TXCOVID3<- TXCOVID2 %>% 
  select(District.Name, COVIDrateStudents, childforeign, homesbefore1970, Gross.Rent..MedianGROSS.RENT, percentchildnhblack, nohsparent, workernotinsured, percentamindian, Median.earnings.for.workers...PDP03.6, childnotcitizen, percentchildwhite, rentunder1000)

TXCORRELATION<- TXCOVID2 %>% 
  select(COVIDrateStudents, childforeign, homesbefore1970, percentchildnhblack, percentamindian, rentunder1000, childnotcitizen, percentchildwhite, workernotinsured)

Pearson’s Correlation Matrix

While observing the various Pearson Correlations immediatly there are many more statistically signficant results than presented in the last study when observing COVID-19 Student case rates per school district. The strongest relationship is found between those COVID-19 rates and the percentage of the child population that is non-Hispanic black. This data suggests that as COVID-19 rates increase the percentage of the child population that is non-Hispanic black decreases. This negative relationship is moderatly weak with a p-value of .01.

The variable that is 2nd strongest in its relationship is the percentage of the child population that is not a US citizen. This too is a negative relationship being that as COVID-19 student case rates increase the percentage of the child population within those school districts that tend to not have US citizenship decreases. This relationship is statistically significant at the .05 level.

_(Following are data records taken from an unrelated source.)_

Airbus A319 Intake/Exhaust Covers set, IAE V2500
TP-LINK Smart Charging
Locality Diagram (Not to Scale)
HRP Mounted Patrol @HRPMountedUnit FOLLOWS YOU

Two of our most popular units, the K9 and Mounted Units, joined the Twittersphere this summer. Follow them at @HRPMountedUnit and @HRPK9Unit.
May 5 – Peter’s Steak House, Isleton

Marginal effects were also had in this correlation matrix with a negative relationship being found with the percentage of the child population that is foreign born. Suggesting as COVID-19 student cases increases the percentage of those students who are foreign born decreases. A positive relationship is found with the variable observing the percentage of those school districts that are non-Hispanic white. This positive relationship being found with marginal significance suggests that as COVID-19 student cases per school district increases so does the percentage of non-Hispanic white children in those school districts.

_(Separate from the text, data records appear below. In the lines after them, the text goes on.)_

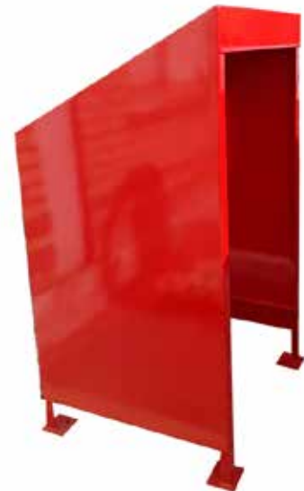
Model No.: RK - EC - 201

Cabinets doors are available with options of full metal, full glass frame, center break glass and wired glass door to meet requirements. Instruction sign in English are silkscreen printed on the cabinet.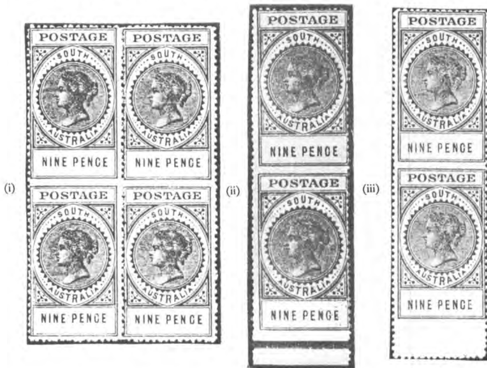
The three versions of the 9d perf. 12 imperforate between. (i) from Rows 5 and 6, with rough perfs., No. (i) in the listing; (ii) from base of sheet, No. (ii) in the listing; (iii) including interpane gutter.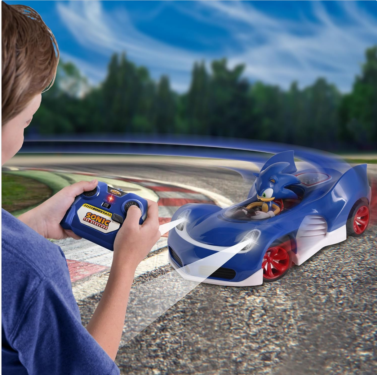
Figure 3: A child is shown operating the NKOK RC Sonic SSAS R2 Car with its remote control on a simulated race track, demonstrating the car's working headlights.

For a visual demonstration of the car's operation, you may refer to this external video NKOK Sonic All-Star Racing Car Demo .

Multiple Linear Regression Models

Models focused on non-Hispanic black children as main predictor
Code
summ(modelchildall)
Observations 133 (1 missing obs. deleted)
Dependent variable COVIDrateStudents
Type OLS linear regression
F(6,126) 2.50
0.11
Adj. R² 0.06
Est. S.E. t val. p
(Intercept) 180.34 40.62 4.44 0.00
percentchildnhblack -1.62 0.60 -2.68 0.01
workernotinsured -2.39 1.15 -2.09 0.04
homesbefore1970 0.06 0.38 0.17 0.87
nohsparent 0.39 1.12 0.35 0.73
rentunder1000 0.32 0.34 0.94 0.35
Median.earnings.for.workers...PDP03.6 -0.00 0.00 -1.30 0.20
Standard errors: OLS

When observing this Multiple Linear Regression model the key predictor of the percent of children per school district that is non-Hispanic black remained statistically significant at the .01 level.

Controlling for all other variables in the model, for every 10 units of increase in COVID-19 infection rates for students we can expect a decrease in the percentage of the child population to be non-Hispanic black by about 16.2 units of change per school district in Texas.

The r-square is found to be at 0.11 being that the variables present in this model explain about 11% of the interaction that is being had between the outcome variable and the predictor variables in the model.

Models focused on children that are not US citizens as main predictor
Code
summ(modelUSall)
Observations 133 (1 missing obs. deleted)
Dependent variable COVIDrateStudents
Type OLS linear regression
F(6,126) 1.35
0.06
Adj. R² 0.02
Est. S.E. t val. p
(Intercept) 140.93 38.55 3.66 0.00
childnotcitizen -2.30 2.87 -0.80 0.42
workernotinsured -2.13 1.23 -1.73 0.09
homesbefore1970 -0.00 0.39 -0.01 0.99
nohsparent 0.67 1.16 0.58 0.56
rentunder1000 0.47 0.37 1.25 0.21
Median.earnings.for.workers...PDP03.6 -0.00 0.00 -0.56 0.57
Standard errors: OLS

When observing the Multiple Linear Regression model for those children who are not US citizens it no longer has its statistical significance that it once had when it was a one-on-one relationship between it and the outcome variable.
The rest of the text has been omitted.